Economics: Yet another inertial budget to nowhere

MEXICO - Report 16 Nov 2020 by Mauricio Gonzalez and Francisco González

The erosion of public finance accelerated over the course of the third quarter, with numbers especially alarming as of September, the most recent month for which we have results. Even as the tax authority stepped up efforts to energetically impose "administrative" measures — formally legal, but in most instances applied in a coercive manner — on major businesses to settle supposed tax debts from as far back as 2015, budgetary revenues fell a real annual 8.5% in the most recent quarter as a 3.4% rise in the non petroleum component was engulfed by a 45.7% plunge in petroleum income. The government responded by trying to contain the expansion of public spending seen during the first six months, but the resulting cuts have failed to avert a fiscal deficit rebound and a new surge in public debt.

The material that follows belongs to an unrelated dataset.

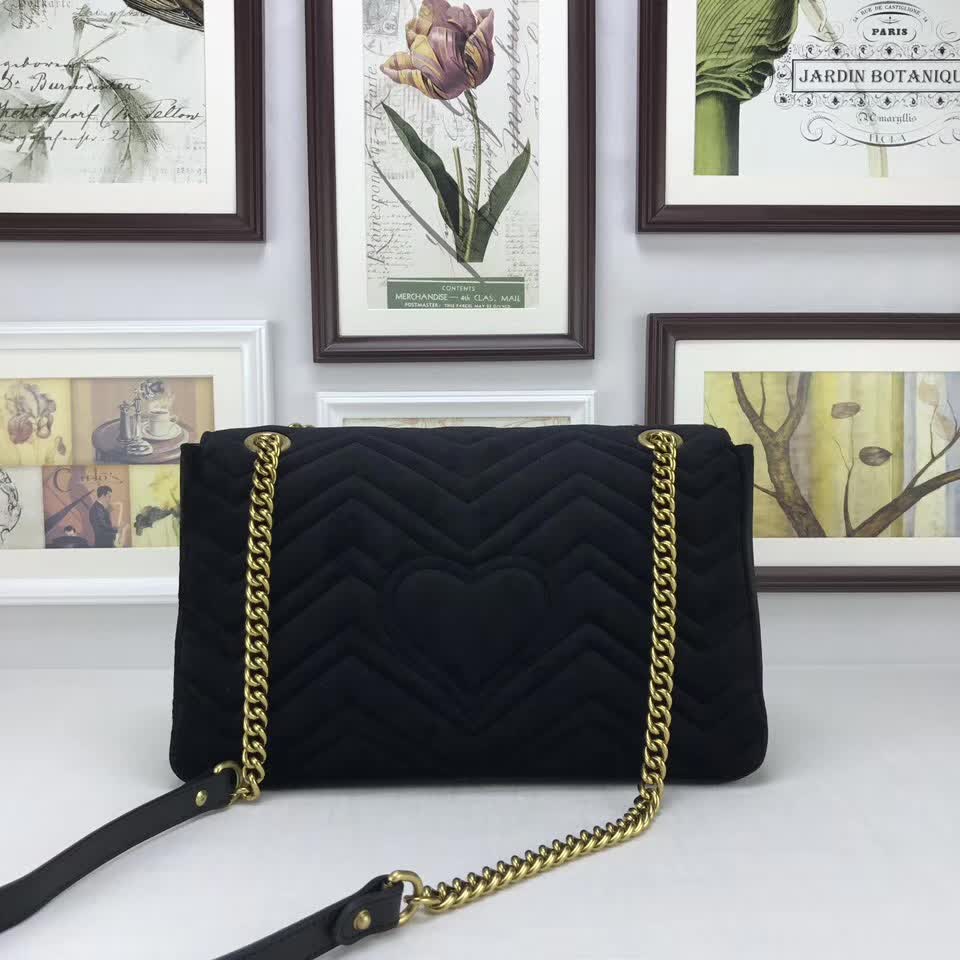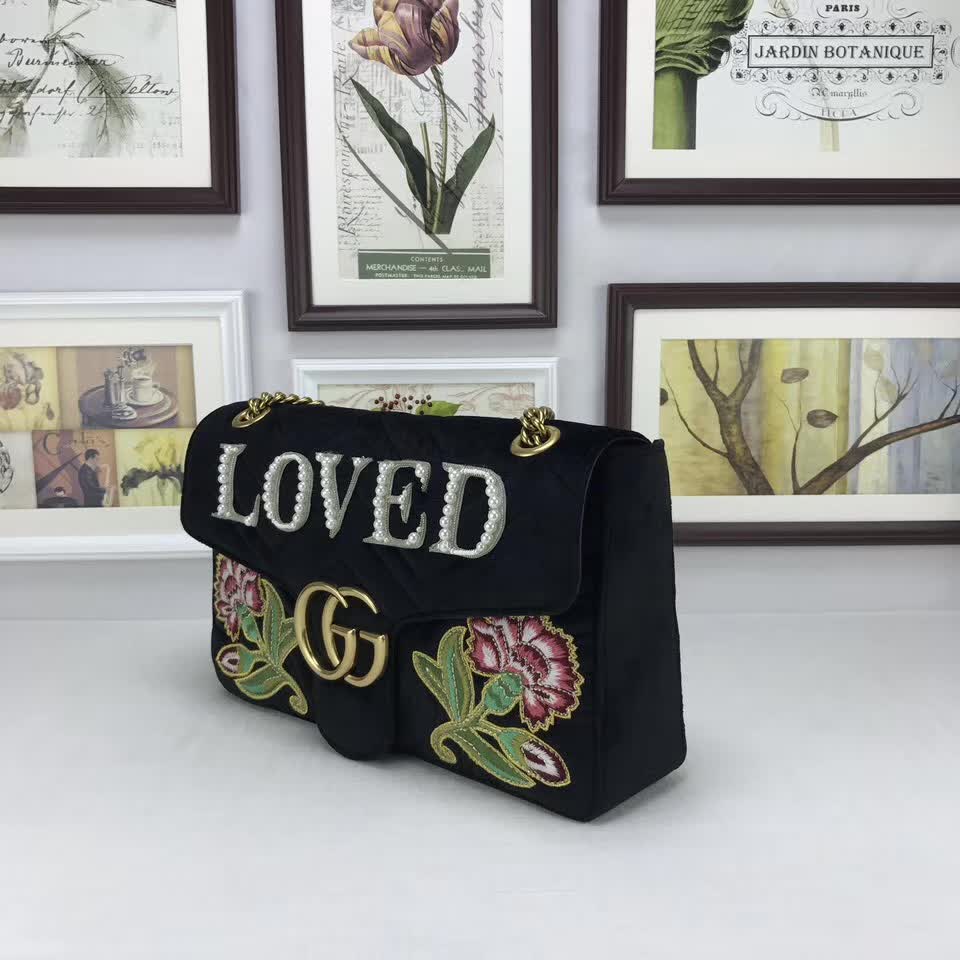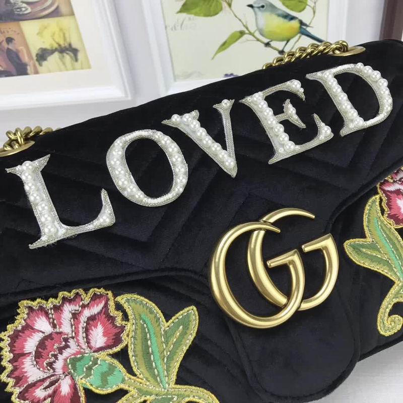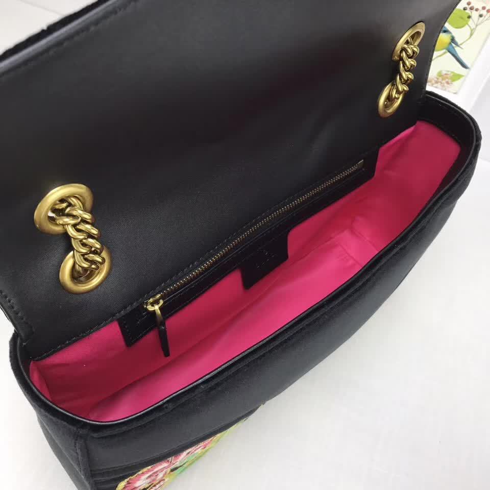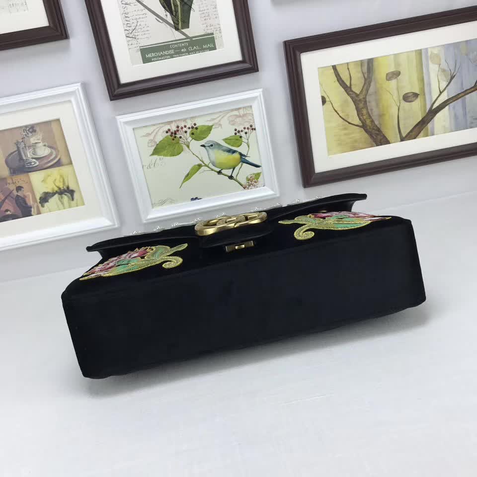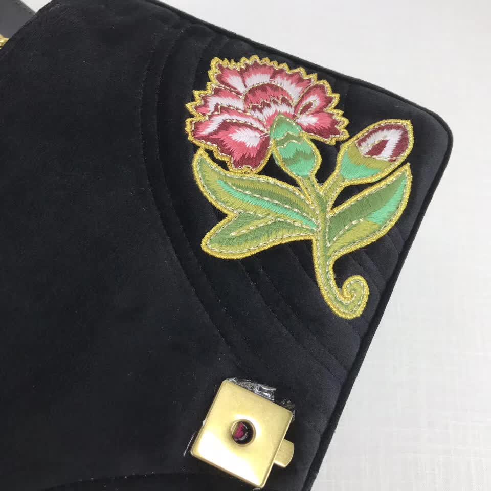 >> Gucci GG Marmont embroidered velvet bag black chevron velvet

With the pandemic and debilitated state of economic activity greatly reducing tax revenues, the government of President López Obrador continues to draw from the same policy pallet it has deployed since day one. Even as it depletes every available reserve fund no matter the contingency it was established for, it ignores the need for sustainable revenue sources that can only come from a fiscal reform.

We can expect more of the same after the administration’s congressional leaders managed to pass the Finance Ministry’s 2021 budget proposals, hardly taking notice of the more than 1,000 reservations expressed by other members of Congress. One exception was the proposal to empower fiscal authorities to record images and electronic files to document goods and other assets present at any tax address, which the Morena leadership withdrew after it proved highly unpopular.

Each and every line of the finance ministry’s quantitative revenue and expenditure projections passed without even the slightest adjustment. It is clear that the government remains wed to its strategy of offsetting each and every revenue shortfall amid the current economic recession with administrative cuts, while leaving its priority projects and social programs intact.